• [The data]
• • •
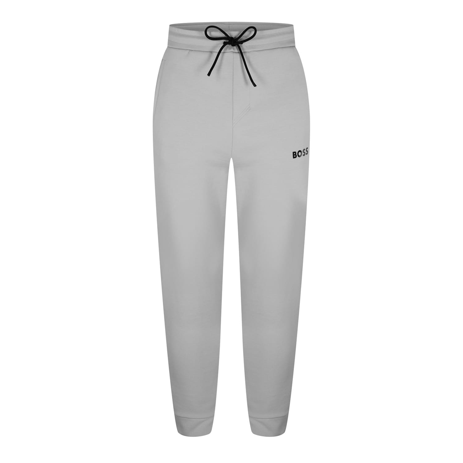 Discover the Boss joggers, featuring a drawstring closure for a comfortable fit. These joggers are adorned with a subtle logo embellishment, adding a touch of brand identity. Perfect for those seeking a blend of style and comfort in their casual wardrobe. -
• • •
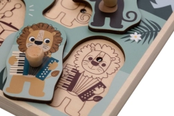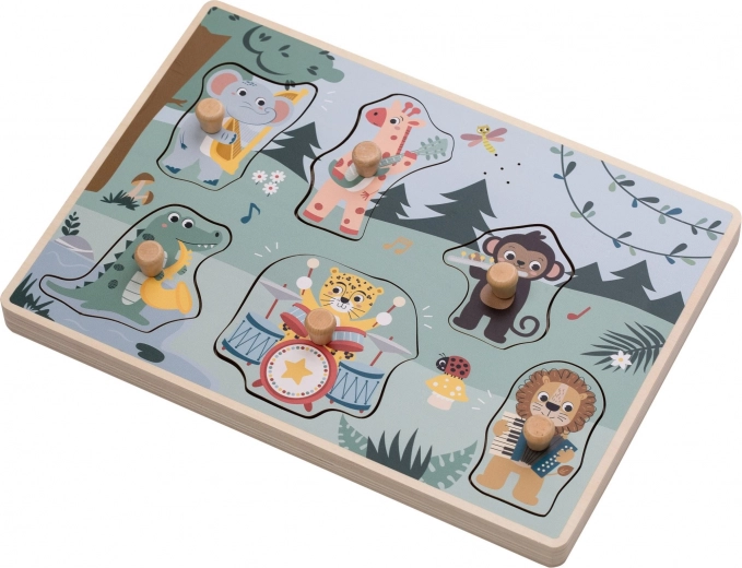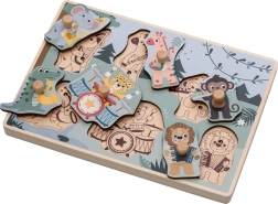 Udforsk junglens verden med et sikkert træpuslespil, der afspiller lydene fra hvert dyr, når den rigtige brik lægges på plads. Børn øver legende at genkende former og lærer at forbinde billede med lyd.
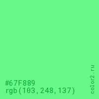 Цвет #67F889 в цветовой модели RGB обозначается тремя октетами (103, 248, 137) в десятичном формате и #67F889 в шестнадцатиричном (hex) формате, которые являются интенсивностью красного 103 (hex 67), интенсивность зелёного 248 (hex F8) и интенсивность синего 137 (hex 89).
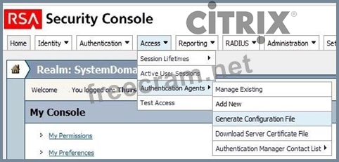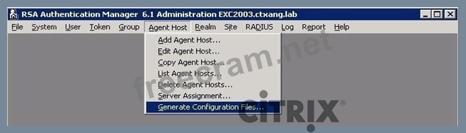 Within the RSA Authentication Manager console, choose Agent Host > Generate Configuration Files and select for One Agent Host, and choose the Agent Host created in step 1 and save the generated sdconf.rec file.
• • •
• [Aim of the task] Look back at the data above, then output exactly the lines from the line holding "Цвет #67F889 в" up to and including the line holding "Within the RSA". Leave out the pictures.

• [Answer to this exercise]
 Цвет #67F889 в цветовой модели RGB обозначается тремя октетами (103, 248, 137) в десятичном формате и #67F889 в шестнадцатиричном (hex) формате, которые являются интенсивностью красного 103 (hex 67), интенсивность зелёного 248 (hex F8) и интенсивность синего 137 (hex 89).
 Within the RSA Authentication Manager console, choose Agent Host > Generate Configuration Files and select for One Agent Host, and choose the Agent Host created in step 1 and save the generated sdconf.rec file.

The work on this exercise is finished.